Tight labor market, inflation to hike pay raise further in 2023 


Salary budgets for employees are projected to increase in 2023, mainly influenced by a continuation of the tight labor market and rising inflation concerns in Asia Pacific (APAC), including the Philippines, according to a report.

Leading global advisory, broking and solutions company WTW’s (NASDAQ: WTW) Salary Budget Planning Report found that companies in the Philippines are budgeting an overall average median increase of 5.7 percent for 2023, compared with the actual 5.5 percent increase in 2022.

“This is the highest salary increase budgeted since the pandemic,” the report noted.

The survey results show that 52.5 percent of employers in the Philippines have budgeted for higher salary increases in 2022 compared to last year.

When asked whether they have changed their 2022 salary increases from their original projections, only 32.5 percent have made further adjustment from what they have initially planned for while the 51 percent have maintained the pay budgets they set at the start of 2022.

The study that 59 percent of respondents attributed the higher pay rate to concerns over a tighter labor market (59%); cost management such as inflation rising cost of supplies (58%); and employee expectations for higher increases driven by inflation (44%).

The report also noted that dynamic talent and compensation market trends are reflecting dynamic business environment in the Philippines.

“Compounding economic conditions and new ways of working are leading organizations to continually reassess their salary budgets to remain competitive,” said Patrick Marquina, Work & Rewards Leader, Philippines, WTW.

“Although higher salary increases are expected, various industries are showing different developing rhythms.

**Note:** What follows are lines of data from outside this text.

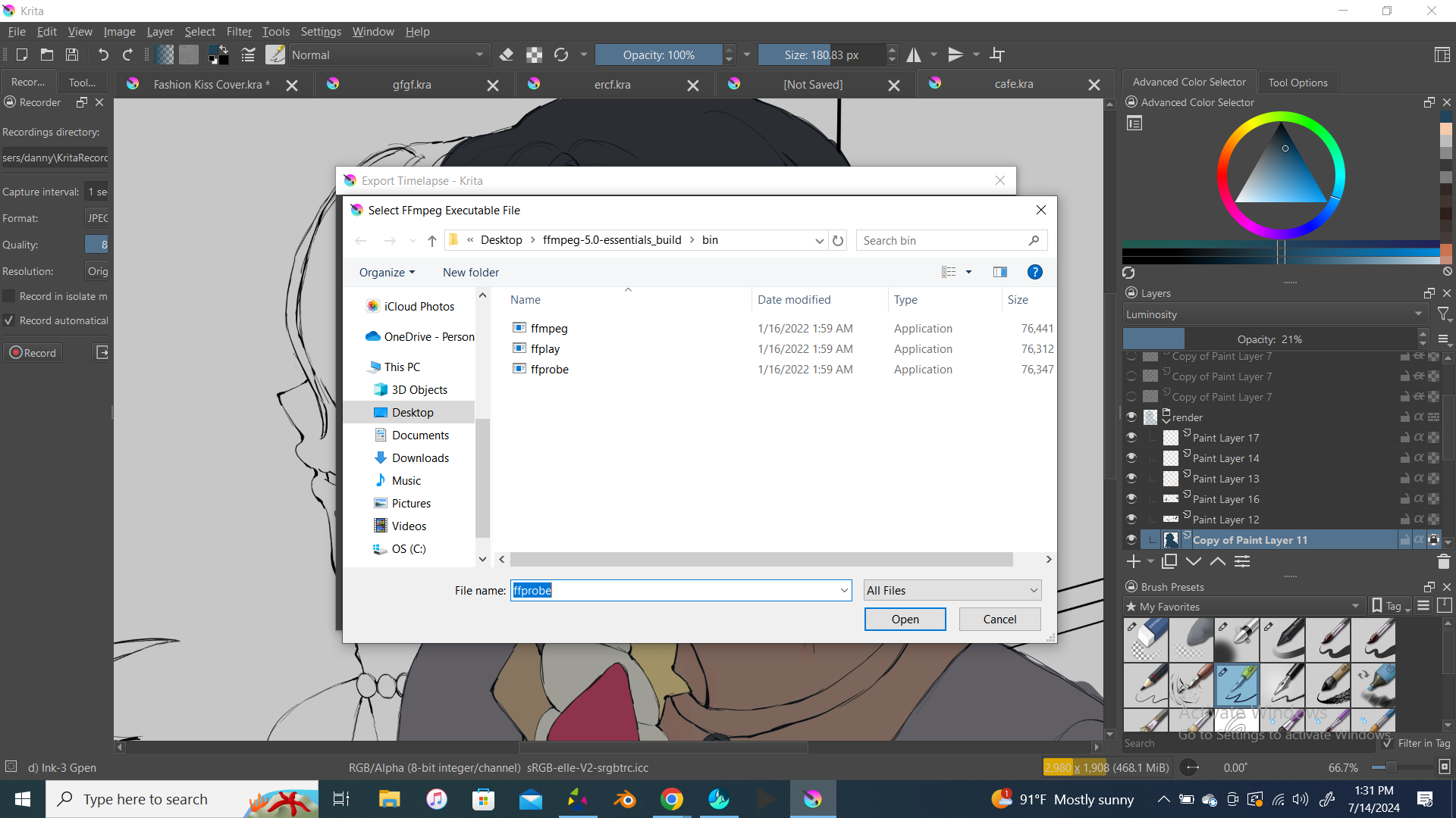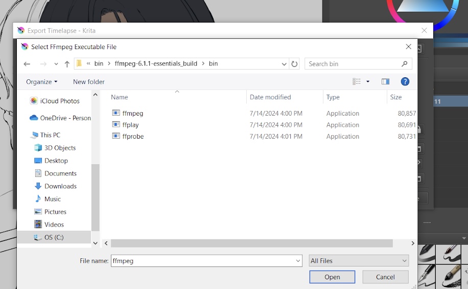 I updated Krita and tried adding ffmpeg 6.1.1 but it won’t let me. It only has the ffmpeg that was there beforehand. I don’t know what to do😭
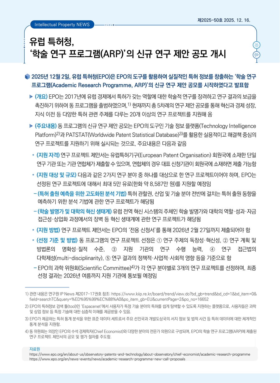 유럽 특허청, ‘학술 연구 프로그램(ARP)’의 신규 연구 제안 공모 개시
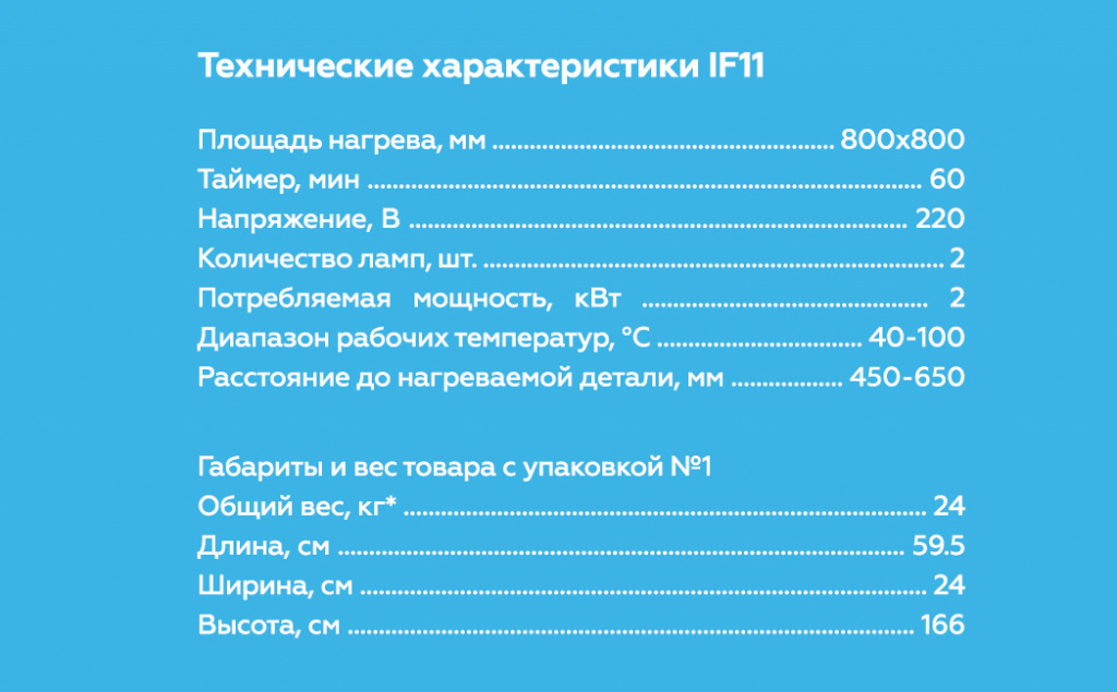 - Возможность направленного нагрева с разных позиций и углов за счет двух одноламповых излучателей.
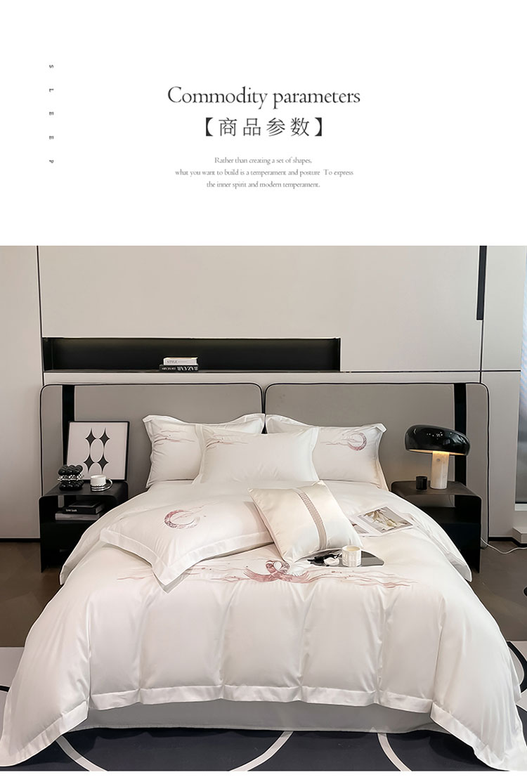 (总)魅都 2025新款100s长绒棉简约织带轻奢风四件套-罗伊,爱马橙,亮粉,浅灰,香槟金,香芋紫
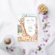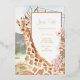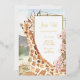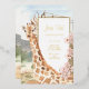 Add an adorable custom safari theme to the birthday party or baby shower of your little girl or boy with this pretty watercolor giraffe birthday party invitation. Invitation has a giraffe in front of an African savannah background and gold foil. There are also flowers and a place for your custom text.
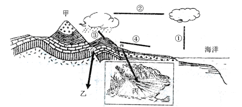 读下面的“地质构造剖面图”,回答下列问题。(10分)![]() (1)在图中①②两处标出箭头,表示水汽运动方向。 (2)水循环中①是 环节,②是 环节,③是 环节,④是 环节。 (3)甲地的地质构造为 ,乙地的地质构造为 。 (4)形成丙处地貌的地质作用是 (选择填空)。
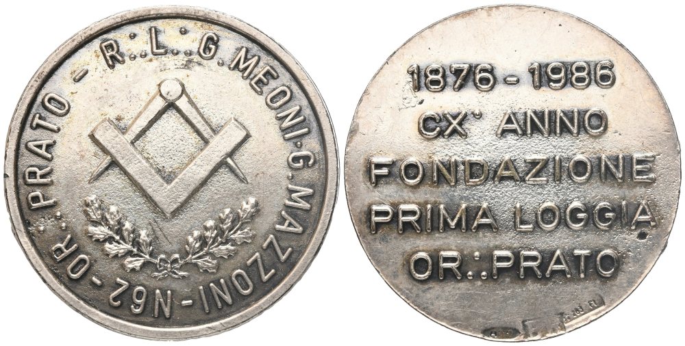Lotto 169 | Medaglia CX° Anno Fondazione Prima Loggia Or. Prato, 1986, AG (39,8 mm)
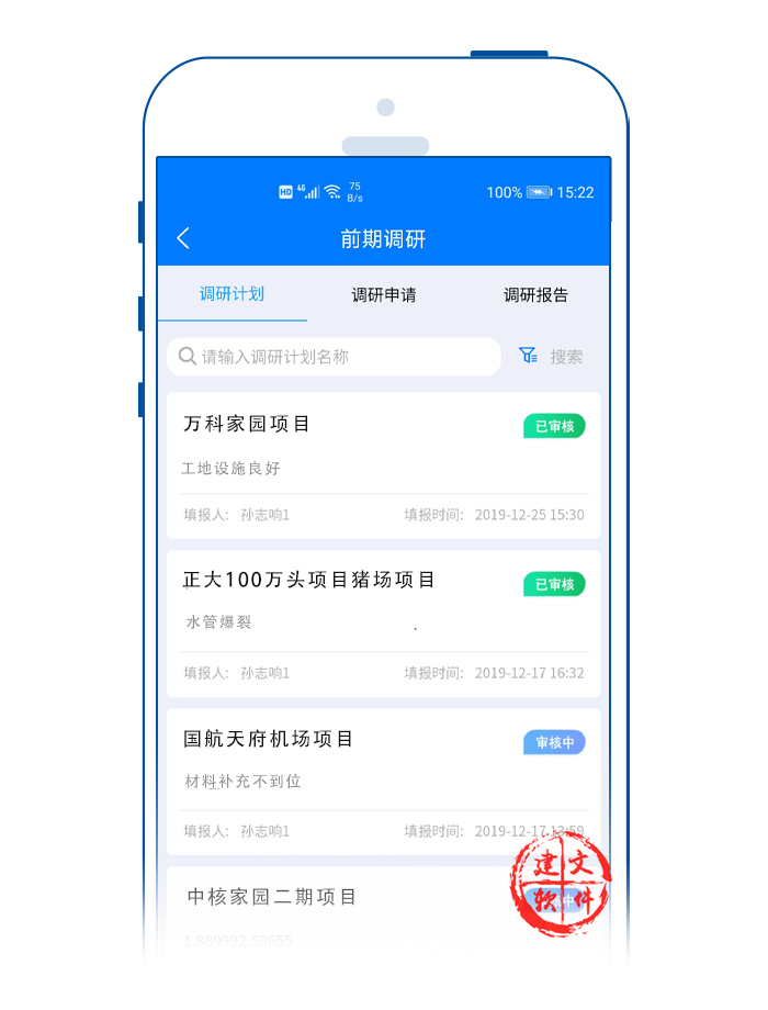 1) 支持手機(jī)APP上報(bào)調(diào)研計(jì)劃、調(diào)研申請、調(diào)研報(bào)告;
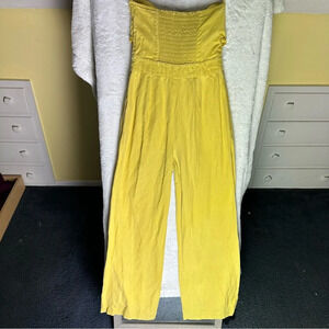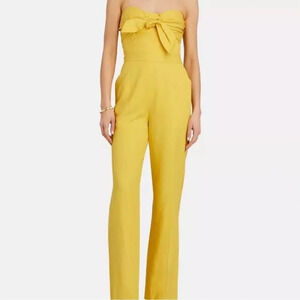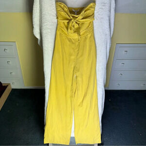 DEREK LAM 10 CROSBY Alene Strapless Wide Leg Jumpsuit Tie Front Yellow 2 Linen
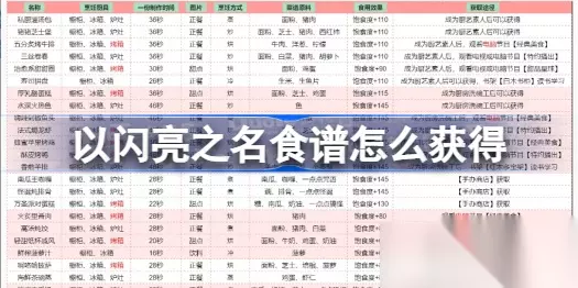 以闪亮之名中玩家可以通过各种方式获得食谱,有玩家在问以闪亮之名食谱怎么获得,下面小编给大家带来以闪亮之名全食谱获取攻略,往下看吧。

With such a dynamic environment, it’s imperative for organizations not only to have a clear compensation strategy but also a keen understanding and appreciation of the factors that influence compensation growth.”

Despite concerns on inflation and rising cost, 65 percent of companies are not looking into making more frequent salary increase adjustments with only 35 percent having already increased or planning to increase how often they raise salaries. Among those respondents, the vast majority (98%) have or will adjust salaries twice per year.

In lieu of salary rate as main tool to attract and retain talent, the study showed that some companies are taking non-monetary actions as fewer respondents expect high attrition and retention difficulties to continue plaguing the labor market next year.

Eighty-six percent are experiencing difficulties attracting talent this year, but only 38 percent expect difficulty in 2023. Similarly, 84 percent of companies reported difficulty retaining employees this year, but that number is expected to drop to just 49 percent next year.

Information Technology skills are most sought after by companies. In the Philippines, 64 percent of the organizations are looking to recruit digital talent in the next 12 months. Yet these professions are some of the most difficult to attract and retain, as three-quarters of companies experienced problems in attracting (74%) and retaining (66%) them.

In response to these issues, many organizations have taken or plan to take non-monetary actions to attract talent. For example, 65 percent of respondents have increased workplace flexibility, and 20 percent are planning or considering doing so in the next couple of years. More than half of the respondents (58%) have placed a broader emphasis on diversity, equity and inclusion (DEI), and 24 percent are planning or considering doing so in the next few years. Additionally, 45 percent of companies continue to enhance recruitment offers with sign-on bonuses and incentive awards, while 22 percent are planning or considering doing so in the next few years.

In the Philippines, 59 percent of companies have broadened their emphasis on DEI to retain more talent, and 25 percent are planning or considering doing so. In addition, a little more than half (52%) have increased the flexibility for remote work, and 26 percent are planning or considering doing so in the future. Almost 40 percent have changed their compensation programs (e.g., base salary and short- and long-term incentive plans), and another 35 percent are planning or considering to. Thirty-six percent (36%) have already made changes to improve their employees’ experience while 45 percent are planning or considering doing so.

“With significant risks in the global economy, continued high inflation and employers grappling with talent supply challenges, organizations need to get more creative to address attraction and retention challenges,” added Patrick. “The workforce is composed of a diverse employee population, each with their own unique dynamics. Employers are challenged to meet their preferences and needs while delivering on a superior employee experience for all.”

The Salary Budget Planning Report is compiled by WTW’s Reward Data Intelligence practice. The survey was conducted in April and May 2022. Approximately 22,570 sets of responses were received from companies across 168 countries worldwide. In Asia Pacific, 6,945 organizations from 14 markets responded. A total of 385 companies participated in the Philippines across different industries.